Participação de Betancourt em marcha na Colômbia depende de segurança

Bogotá, 6 jul (EFE).- A participação da franco-colombiana Ingrid Betancourt na marcha pela paz convocada na Colômbia para o próximo dia 20 depende de que sejam garantidas suficientes condições de segurança.

EFE |

Em declarações em Paris ao programa "As Vozes do Seqüestro", da "Caracol Radio", Betancourt disse que sua família tinha pedido que "pensasse, e estou pensando", sobre participar da marcha.

A marcha de 20 de julho, dia da Independência da Colômbia, foi proposta pela imprensa colombiana e apoiada por vários reféns resgatados, a fim de exigir a libertação de todos os que continuam em poder das Forças Armadas Revolucionárias da Colômbia (Farc), que as autoridades calculam em mais de 700.

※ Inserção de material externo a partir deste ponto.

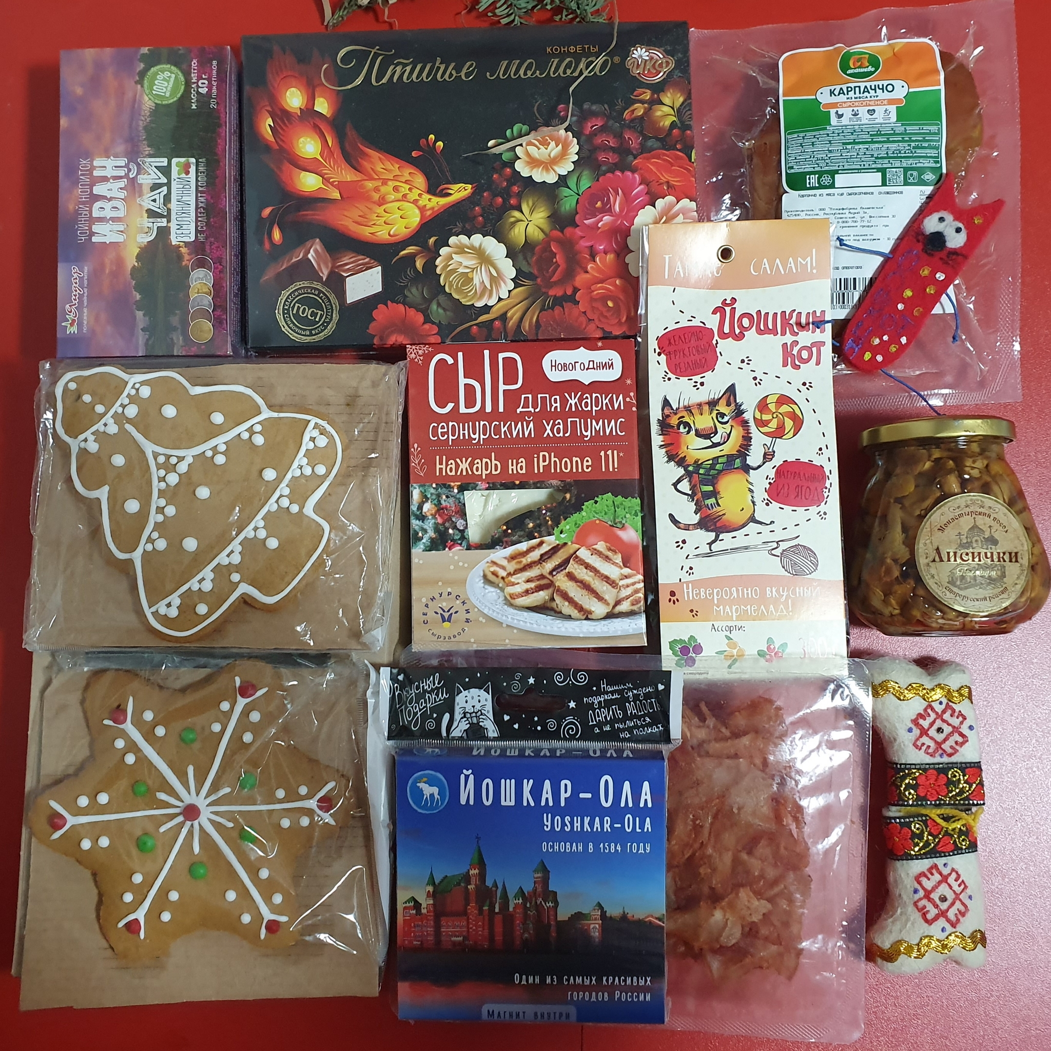 Внутри было много всяких вкусностей: конфетки, мармеладки, пряники, сыр, мясо и грибочки. Все местного производства родины Дедушки) Хотела все оставить на новогодний стол, но нет...
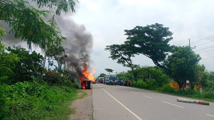 উল্টে গেল অটোরিকশা অতঃপর পুলিশের মাইক্রোবাসে আগুন
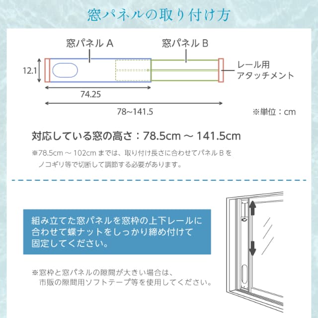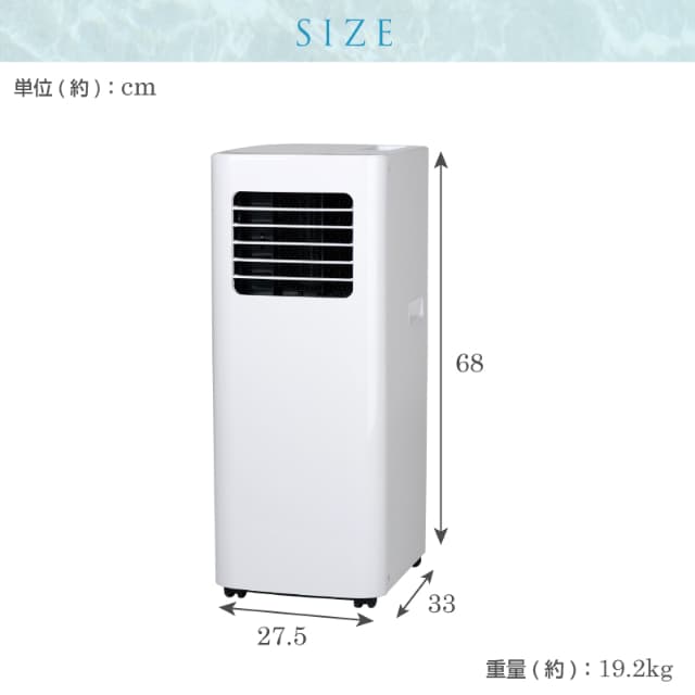 | 付属品 | 排熱ダクト(約40〜120cm)伸縮式×1 / ダクトエンドA・B×各1 / 窓パネルA・B×各1 / レール用アタッチメント×2 / ネジ×4 / 四角ボルト×1 蝶ナット×1 / ドレンホース×1 / リモコン×1 |
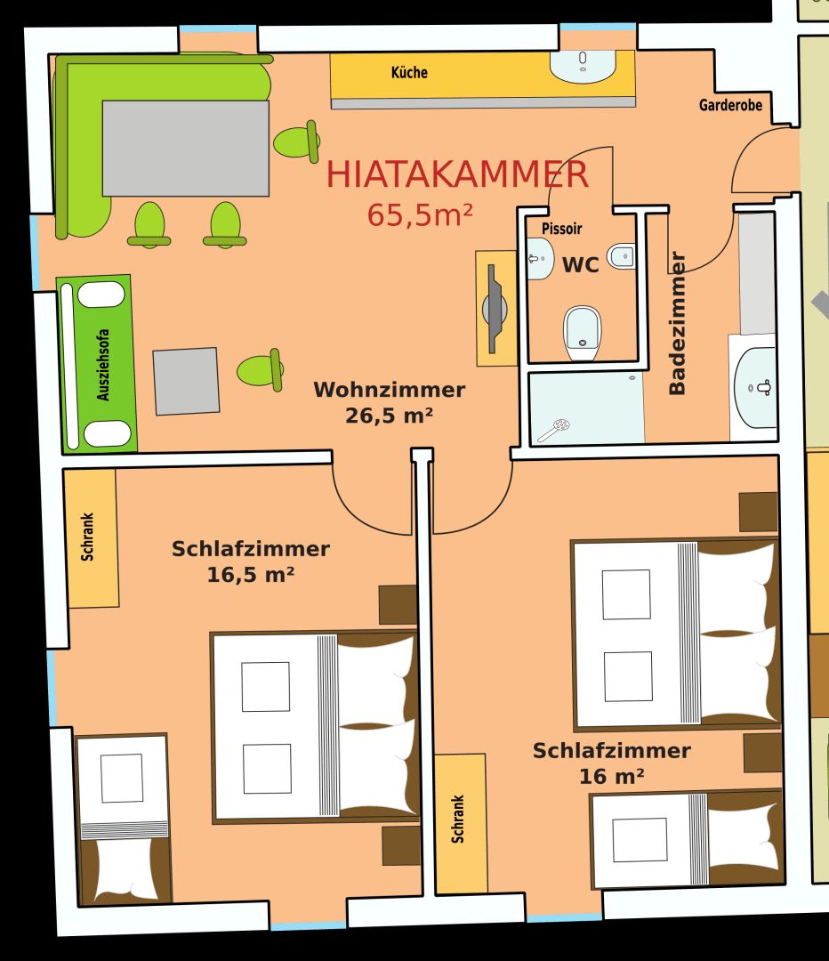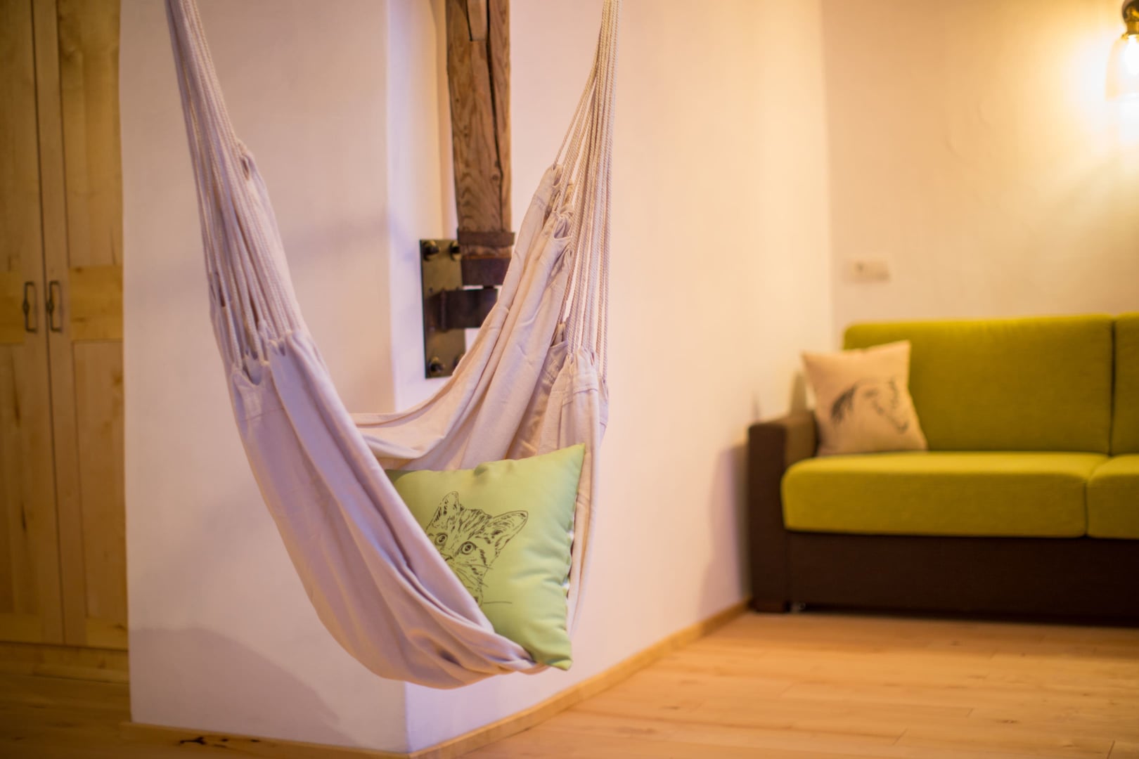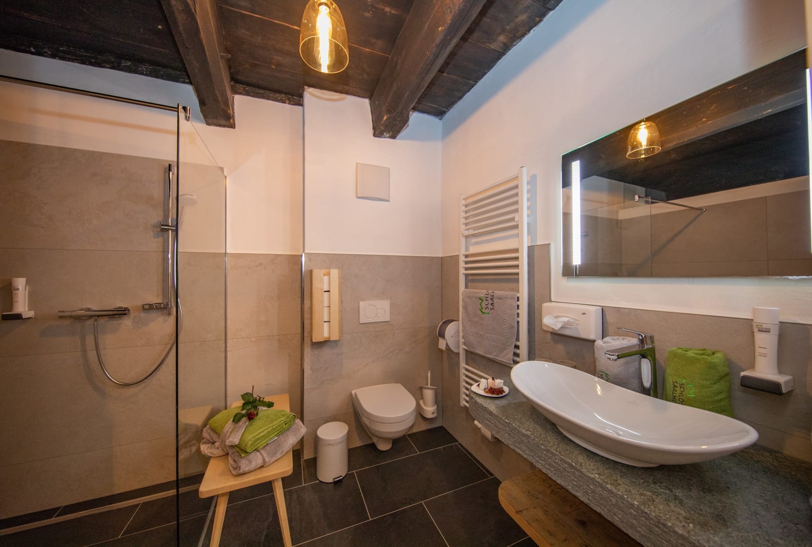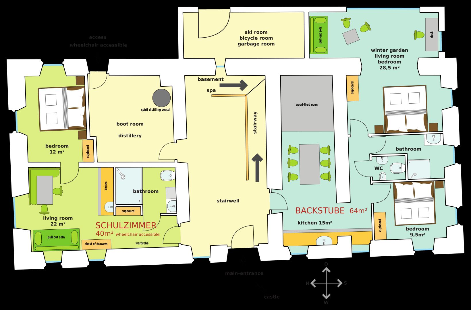 Es bietet mit 7-8 vollwertigen Schlafzimmern, 5 Bädern, 4 separaten WCs, einem großen gemeinsamen Essbereich und Lounge im 1. Stock Gruppen und Familien von 14 bis 27 Personen Platz. Die große Küche der Moarstube bietet sich zum gemeinsamen Kochen an. Trotzdem hat jede Familie einen eigenen Rückzugsbereich durch die Aufteilung in 4 Appartements: Schulzimmer, Backstube, Moarstube und Hiatakammer.
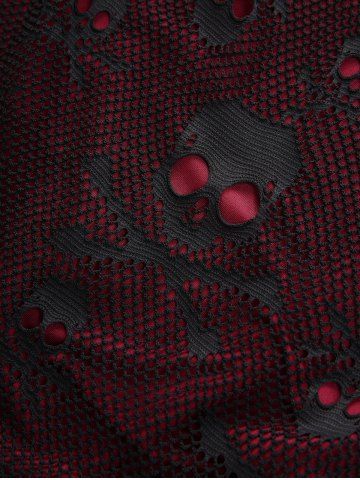Robe Asymétrique Gothique Haute Basse Crâne Panneau en Dentelle à Lacets Grande Taille avec Rivet - Rouge Foncé - L | Us 12
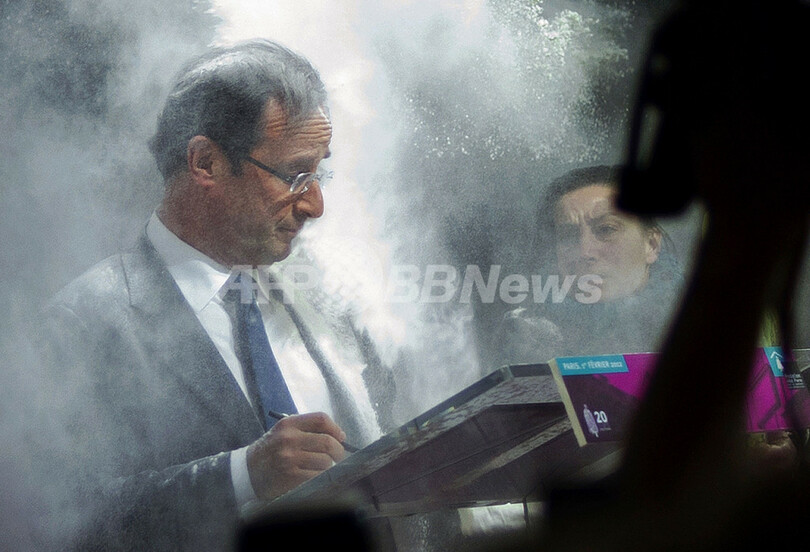 大統領選を前にしたフランス・パリ(Paris)で今年2月、女性から小麦粉を投げつけられる野党社会党(Socialist Party)のフランソワ・オランド(Francois Hollande)党首(当時、2012年2月1日撮影)。(c)AFP/FRED DUFOUR
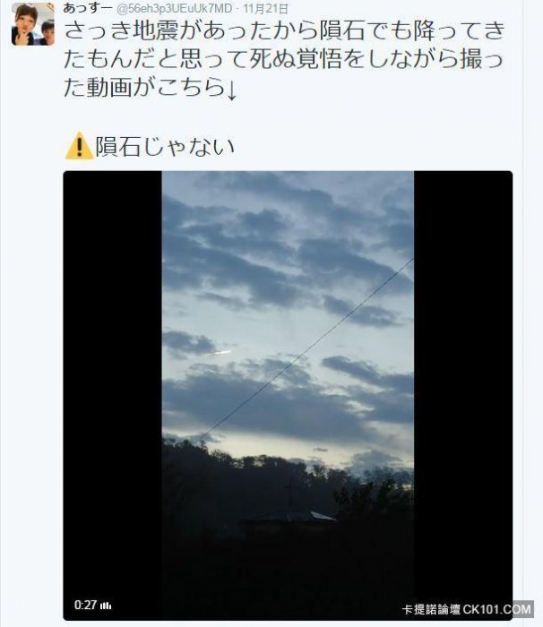 當地一名16歲化名少女「Asuka」在地震後,聲稱疑似拍下「隕石墜落」的景象。

"Se é preciso estar aqui em 20 de julho para uma marcha para conseguir as libertações unilaterais dos outros seqüestrados, contem comigo como mais um soldado, sou um soldado desta causa e aí estarei", tinha declarado há três dias a ex-candidata presidencial colombiana, em entrevista.

Hoje, Betancourt disse que seus parentes tinham dito que "não queriam que, quando conseguimos estar juntos, de repente haja um atentado e finalmente tudo o que estávamos tocando com as mãos voasse em pedaços, que pensasse, e estou pensando".

O programa "As Vozes do Seqüestro" transmite todos os fins-de-semana mensagens de apoio dos parentes aos seqüestrados, e era um espaço que Betancourt disse ter ouvido durante seus seis anos de cativeiro.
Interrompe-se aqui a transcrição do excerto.